DESCRIPTION OF THE TASK - Search through the entries for the word "Hajduka" and copy every line that has it.

[Opening DATA PROVIDED section]

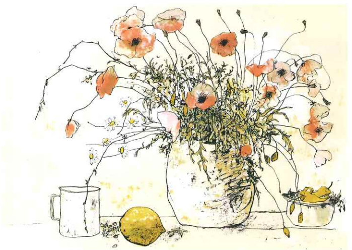
安曇野ジャンセン美術館 ジャン・ジャンセン「コクリコ」1982年
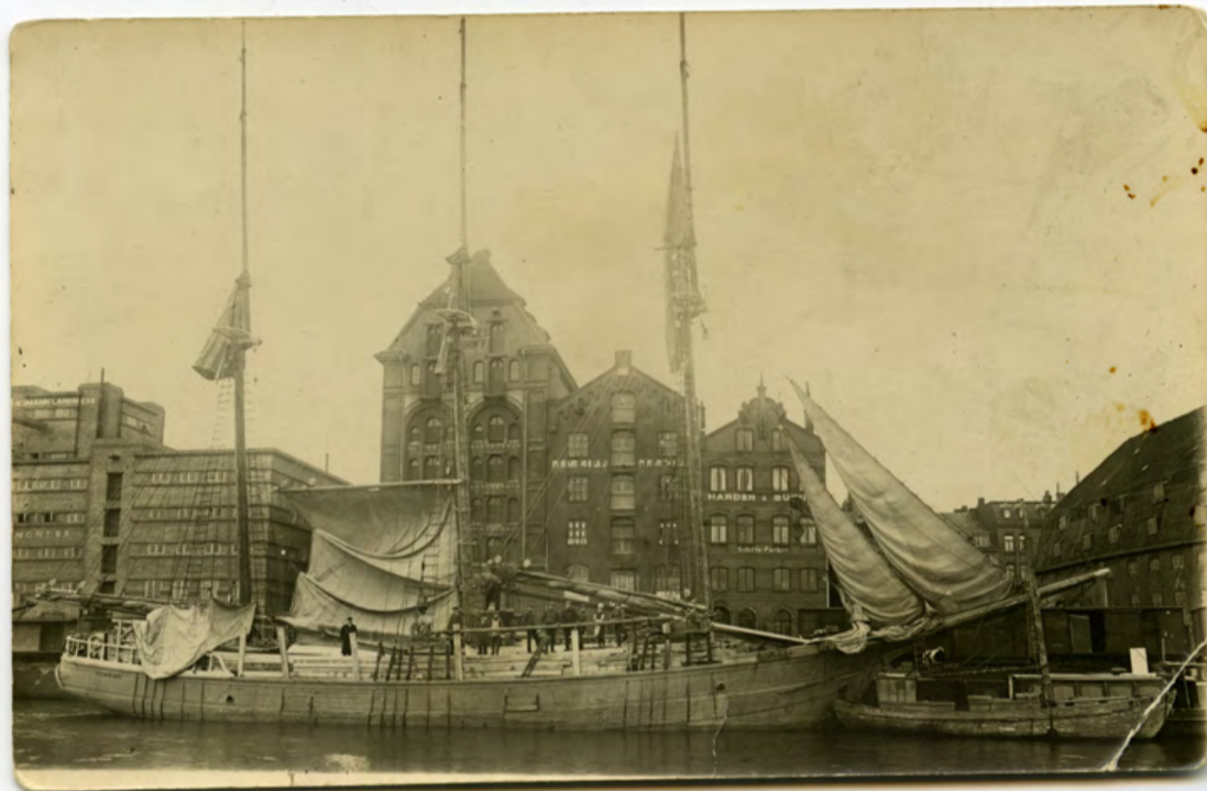
Kahvelkuunar Lemming (1921; 214 brt) Kieli kalasadamas.
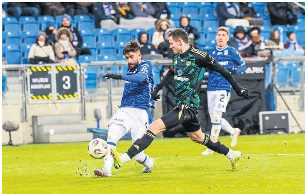
Piłkarze Lecha bardzo krótko cieszyli się z wyrównania w starciu z Lechią

Również w piątek została zdobyta ostatnia ekstraklasowa twierdza - Lubin. Miejscowe Za-
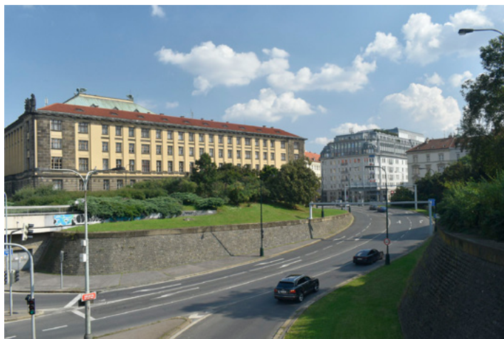
Pohled do ulice Holbova
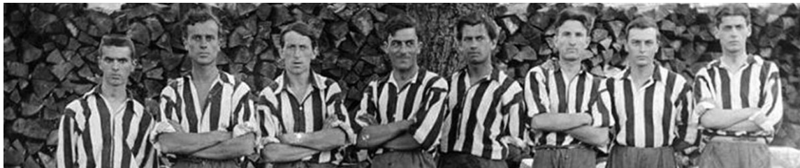
Slika 5. Prva momčad Hajduka, https://hajduk.hr/povijest/1911-1920

Hajduk je osnovan 13. veljače 1911. godine, a odobrio ga Carski namještenik. Osnivanje kluba bila je inicijativa četvorice Splitsana. Na slici 4. je prikazana prva momčad Hajduka.
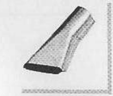
型號: 071011 名稱: 膠焊咀20毫米 功能: 焊接防水帆布 須與070618接駁使用
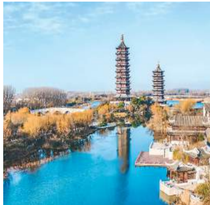
近年来,江苏省宿迁市宿城区坚持生态优先、绿色发展,着力打造绿色水美生态廊道。图为该区古黄河双塔公园全景如画。

全国政协副主席、党组副书记张庆黎,全国政协副主席、党组成员刘奇葆、卢展工、马晓伟、李斌、巴特尔、汪永清、何立峰出席会议并发言。全国政协机关党组成员、各专门委员会分党组负责同志等参加学习。
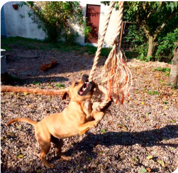
(Staffordshire bull terrier)

Der er heldigvis mange måder man kan gøre en hunds liv både spændende og afvekslende på. Se billederne nedenfor for inspiration.
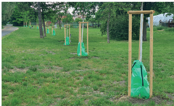
Výsadba stromů – cyklostezka ve směru na Kobylnice

V loňském roce byla v naší obci dokončena výstavba cyklostezek ve směru na Kobylnice a na Telnici. Obec ještě před jejím dokončením plánovala, že tuto stavbu doplní o výsadbu stromů. První etapa ve směru na Telnici již byla provedena v květnu a kolem cyklostezky máme vysázené nové stromy. Druhá etapa ve směru na Kobylnice bude uskutečněna ve vhodném agrotechnickém termínu na podzim tohoto roku.
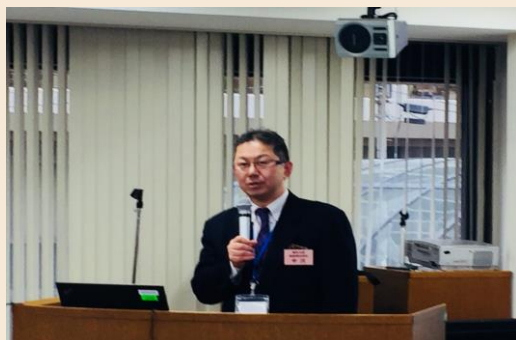
販路開拓部長 挨拶

コーディネーター勉強会は、販路開拓コーディネーターを一堂に集めて、年2回実施しています。これまでは、支援スキルのアップに資する課題解決型の演習を中心として実施してきました。

[Closing DATA PROVIDED section]

TASK OUTPUT -
Slika 5. Prva momčad Hajduka, https://hajduk.hr/povijest/1911-1920
Hajduk je osnovan 13. veljače 1911. godine, a odobrio ga Carski namještenik. Osnivanje kluba bila je inicijativa četvorice Splitsana. Na slici 4. je prikazana prva momčad Hajduka.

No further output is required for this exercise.